On 03/26/2013 11:43 PM, Joe Darcy wrote:
> Hello,
>
> Please review this refactoring of how annotations objects are created:
>
>     JDK-7185456 : (ann) Optimize Annotation handling in 
> java/sun.reflect.* code for small number of annotationsC
>     http://cr.openjdk.java.net/~darcy/7185456.0/
>
> In brief, an annotation object is backed by a hash map with one entry 
> per method defined on the annotation type. Currently the default 
> HashMap constructor which uses a default capacity of 16 is used. Since 
> most annotation type define many fewer methods, some space is wasted. 
> The patch (inline below) "right sizes" the HashMap to match the number 
> of methods in the annotation type.

This optimization is good, although these are HashMaps that hold default 
values, methods and types of members - not member values of actual 
annotation objects (only one instance of each such map exists per 
annotation interface). The Map holding values is created in 
AnnotationParser (line 230) (it's actually LinkedHashMap, presumably to 
maintain order for toString method). This is already pre-sized correctly 
as it's constructor takes defaults which are later overridden in a 
parsing loop which can re-size the map as it fits. This re-sizing could 
be eliminated though. I also don't know whether having LinkedHashMap 
instead of plain HashMap is necessary, since it is initialized with 
defaults from plain HashMap (which is hashCode % capacity ordered) and 
only some of defaults are overridden in parsing loop in general. For 
example, having this annotation:

@interface Ann {
     String one();
     String two() default "2";
}

and usage:

@Ann(one = "1")

...toString will print: @Ann(two = "2", one = "1")
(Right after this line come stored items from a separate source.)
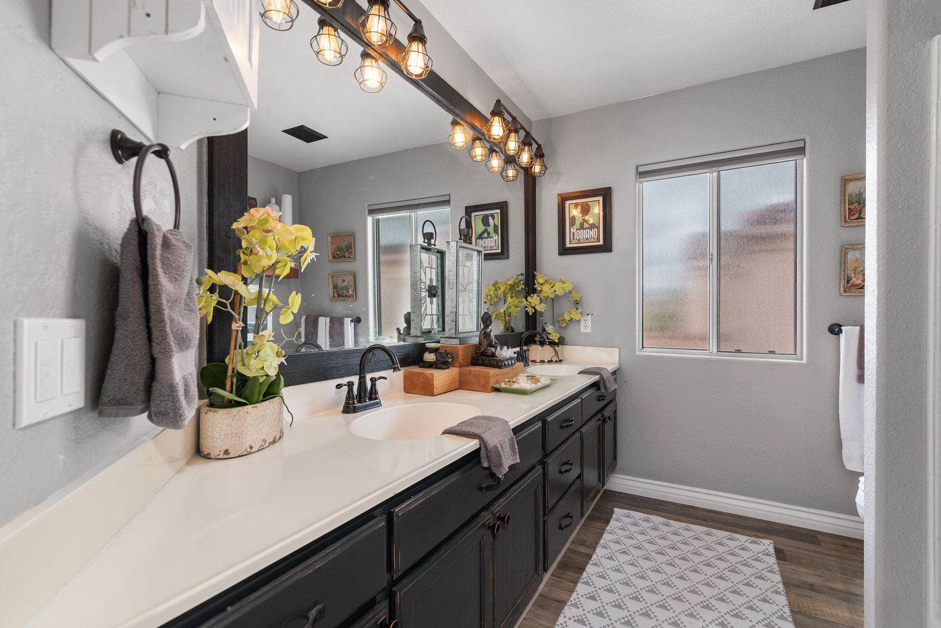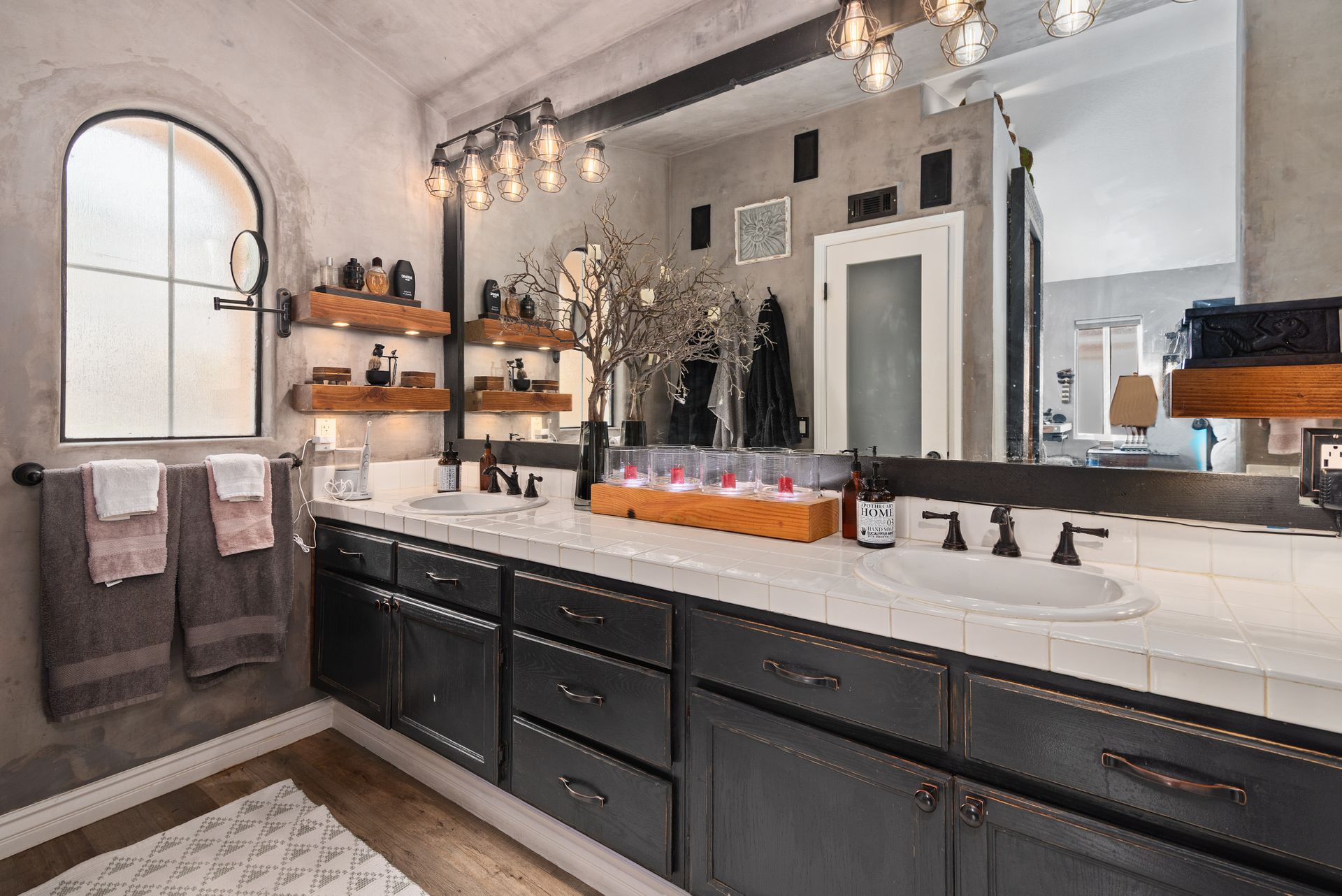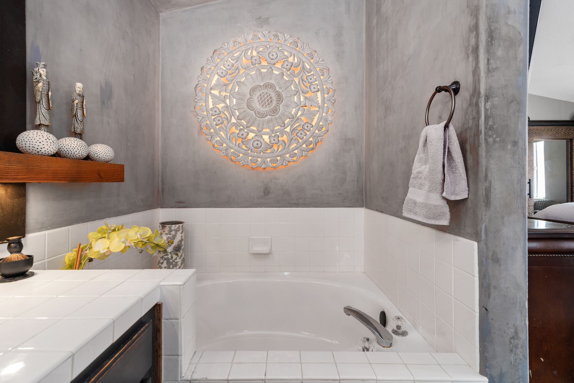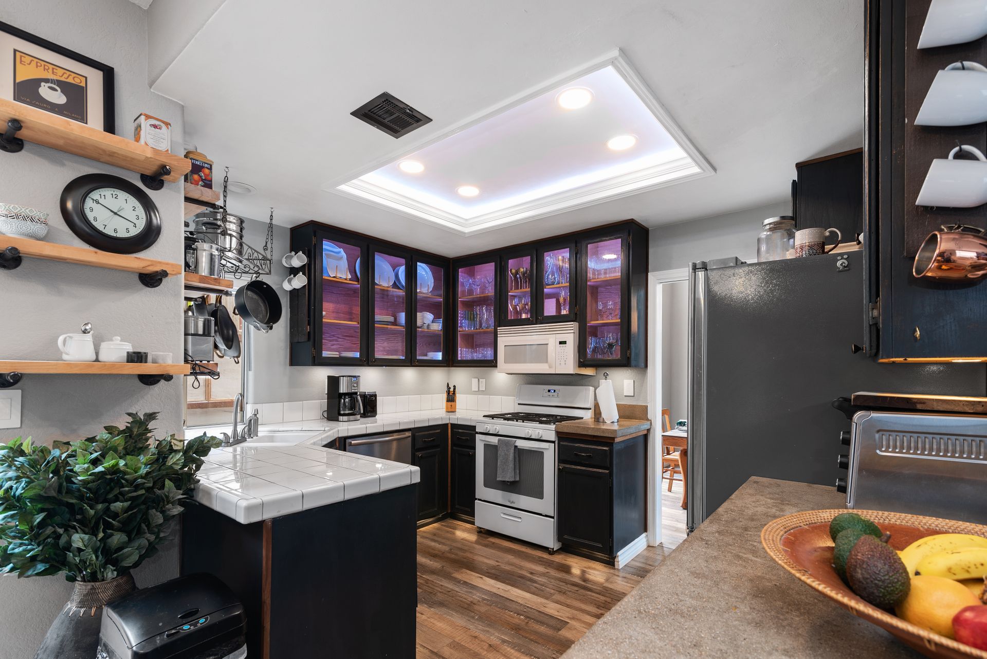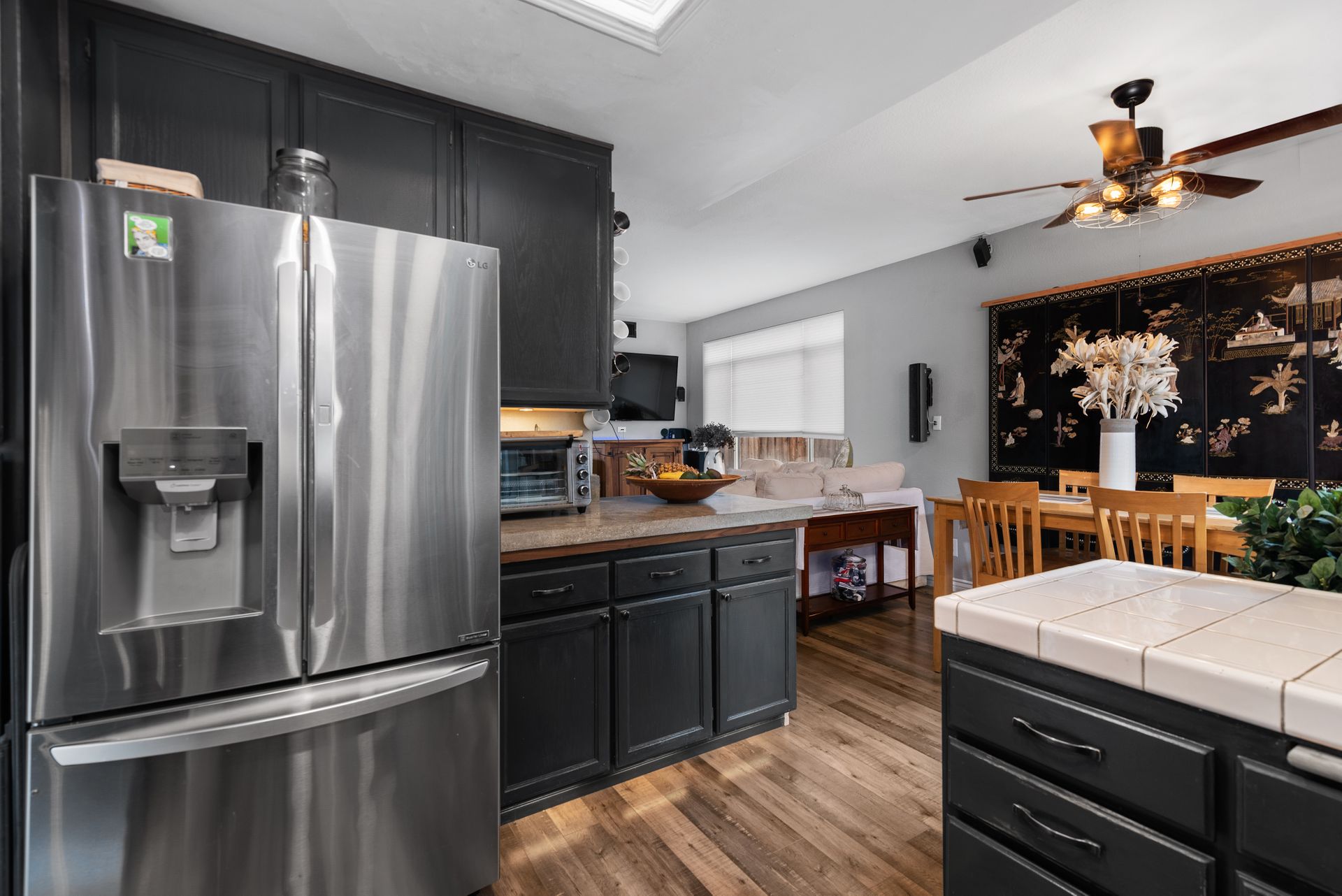 The first things you notice as you enter this home are the soaring high ceilings and light from all of the windows, giving the space a very light and airy feel. There is a two-sided fireplace that services both the formal living area as well as the den for those cozy winter evenings. The circular layout of the downstairs creates a wonderful open space for entertaining. There is a room off of the foyer that could function as an office space, art studio, etc. The kitchen has a large breakfast room off of it as well as a formal dining room on the other side. On the upper level of the home are three bedrooms. There is a lovely hall bath for the secondary rooms just off the large walkway that overlooks the living area. The large primary suite is really special with some very unique features. It has gorgeous Polynesian panels made into closet barn doors, a custom-made closet organizer in the large walk-in closet, complete with a coffee/breakfast station, a wonderful bench seat overlooking the backyard with extra storage inside, and a custom floating desk, all designed and constructed by the homeowner. The en-suite bathroom features a garden tub and walk-in shower along with double sinks. When you access the backyard through the sliding doors downstairs, there is a screened hot tub just outside the door with multiple patio spaces for seating. The yard itself is private with a terraced hill to the back. There is also a lovely custom archway near the front door, that leads into the backyard area. There, you will find numerous fruit trees including apricot, cherry, Fuji apple, plum, lemon, and olive trees. There are also raised beds for growing vegetables. This home is located in the Rancho Del Oro area of Oceanside, midway between the 76 and the 78 freeways and about 10 minutes from the lively downtown area, with the pier, breweries, restaurants, etc. It is zoned for Ivey Ranch Schools and the neighborhood has multiple playgrounds. Come by and see this unique home!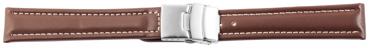 Bracelete clássica de reposição em pele genuína na cor castanha. A costura externa é na cor branca. A parte superior da bracelete é acolchoada. A bracelete possui fecho dobrável em aço inoxidável. A parte do furo afunila até uma ponta no final.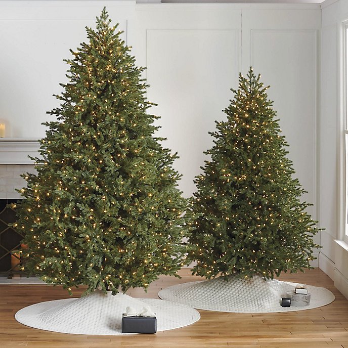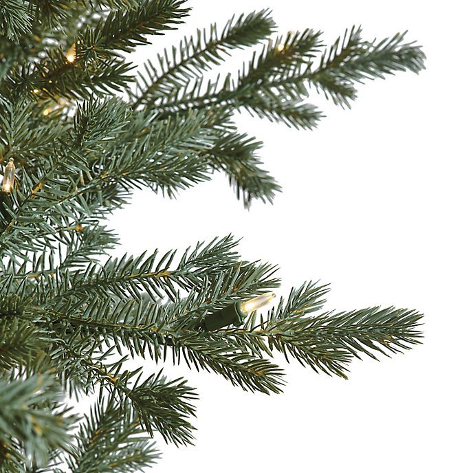 This lifelike full-profile tree recreates the look of a classic fir filled with pre-lit branches, masterfully created from molds of natural cuttings and carefully arranged for maximum density. The full branches and hinged construction ensure continued durability over the years. Long-lasting warm white LED lights mimic an incandescent glow and are secured in place along with larger globe-style lights. Easy one-cord assembly in less than 3 minutes.

So replacing LinkedHashMap with plain HashMap in parser would be another 
optimization opportunity.

This is just speculation: It might be possible to replace it with 
IdentityHashMap which is even more compact. Since keys are always 
obtained from Method.getName() and are therefore pre-interned, so 
interning them before putting them into the map in parser would present 
no-overhead. Lookup (in AnnotationInvocationHandler) is always taking 
the Method.getName so this is also taken care of already.

Regards, Peter

>
> Thanks,
>
> -Joe
>
> --- old/src/share/classes/sun/reflect/annotation/AnnotationType.java 
> 2013-03-26 15:37:22.000000000 -0700
> +++ new/src/share/classes/sun/reflect/annotation/AnnotationType.java 
> 2013-03-26 15:37:22.000000000 -0700
> @@ -45,19 +45,18 @@
>       * types.  This matches the return value that must be used for a
>       * dynamic proxy, allowing for a simple isInstance test.
>       */
> -    private final Map<String, Class<?>> memberTypes = new 
> HashMap<String,Class<?>>();
> +    private final Map<String, Class<?>> memberTypes;
>
>      /**
>       * Member name -> default value mapping.
>       */
> -    private final Map<String, Object> memberDefaults =
> -        new HashMap<String, Object>();
> +    private final Map<String, Object> memberDefaults;
>
>      /**
>       * Member name -> Method object mapping. This (and its assoicated
>       * accessor) are used only to generate 
> AnnotationTypeMismatchExceptions.
>       */
> -    private final Map<String, Method> members = new HashMap<String, 
> Method>();
> +    private final Map<String, Method> members;
>
>      /**
>       * The retention policy for this annotation type.
> @@ -105,6 +104,9 @@
>                  }
>              });
>
> +        memberTypes = new HashMap<String,Class<?>>(methods.length+1, 
> 1.0f);
> +        memberDefaults = new HashMap<String, Object>(0);
> +        members = new HashMap<String, Method>(methods.length+1, 1.0f);
>
>          for (Method method :  methods) {
>              if (method.getParameterTypes().length != 0)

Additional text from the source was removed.